I believe, the best option here is to shift the responsibility to work with cryptography onto something else. Web servers and CA (certification authorities) are good with it.

Basically, altogether they can

1. ensure the connection is secure
2. ensure the client uses certificate, signed by valid (say, yours) CA
3. ensure the the certificate hasn’t been revoked
4. provide to your application the only information you need: the identifier of the remote party

We use such mechanism to authenticate a third-party payment service (sorry, private code), and there is also a plugin to Redmine providing the same mechanism of client authorization, and we use it too (certainly, it’s Ruby, but it’s also a valid proof that such services can be found in wild.)

To make things work, all you need is to

1. configure your CA.
2. configure your web-server to ensure it accepts certificates by your authority, and only these certificates, and passes the client id further to your app.
3. ensure your application can extract client identifier from request.

Below is an tiny example with easyrsa, nginx, uWsgi and werkzeug

Configure CA

The easyrsa toolkit is a part of OpenVPN installation. It’s possible to use OpenSSL “raw” command or PyOpenSSL, but easyrsa is convenient and suitable at least at the concept stage.

cp -a /usr/share/doc/openvpn/examples/easy-rsa/2.0 /etc/nginx/easyrsa
cd /etc/nginx/easyrsa && source vars && ./clean-all

Create CA

./build-ca

Create server certificate

./build-key --server server

Create client certificate.

./build-key-pkcs12  client1

In the sample above you create both client secret key and its corresponding public part (certificate), but good practice assumes that you sign client certificate requests instead, and has no access to secret part.
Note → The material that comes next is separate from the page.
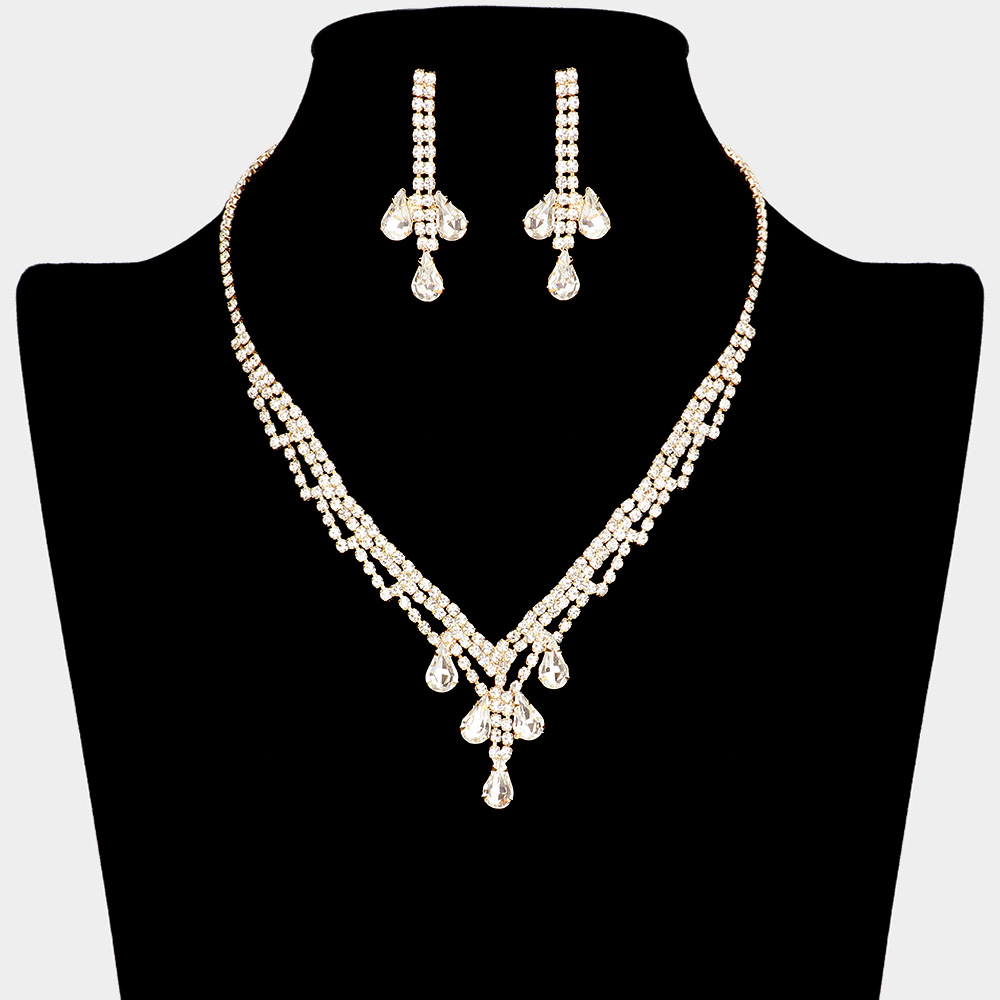 Teardrop Stone Accented Rhinestone Paved Necklace

Some services generate a pair of secret key + certificate for you and then write a message on download page like “this is the only chance for you to download the secret key. We don’t store it, so it cannot be download later.”

Additionally, this command creates a PKCS12 file with encrypted key and certificate, which is handy for import to browsers.

Configure nginx

First, we should create a pair “server certificate + ca certificate”, as our CA self-signed:

cat keys/server.crt keys/ca.crt > keys/server_and_ca.crt

Then the following config can be applied:

server {
    listen 443;

    location / {
        # Here we define the name and the contents of the WSGI variable to pass to service
        uwsgi_param SSL_CLIENT_ID $ssl_client_s_dn;
        include uwsgi_params;
        uwsgi_pass 127.0.0.1:5000;
    }


    # SSL support
    ssl                 on;
    ssl_protocols       SSLv3 TLSv1;
    ssl_certificate     easyrsa/keys/ca_and_server.crt;
    ssl_certificate_key easyrsa/keys/server.key;

    # We don't accept anyone without correct client certificate
    ssl_verify_client on;
    # The CA we use to verify client certificates
    ssl_client_certificate easyrsa/keys/ca.crt;
}

More information on configuration options is available here and here.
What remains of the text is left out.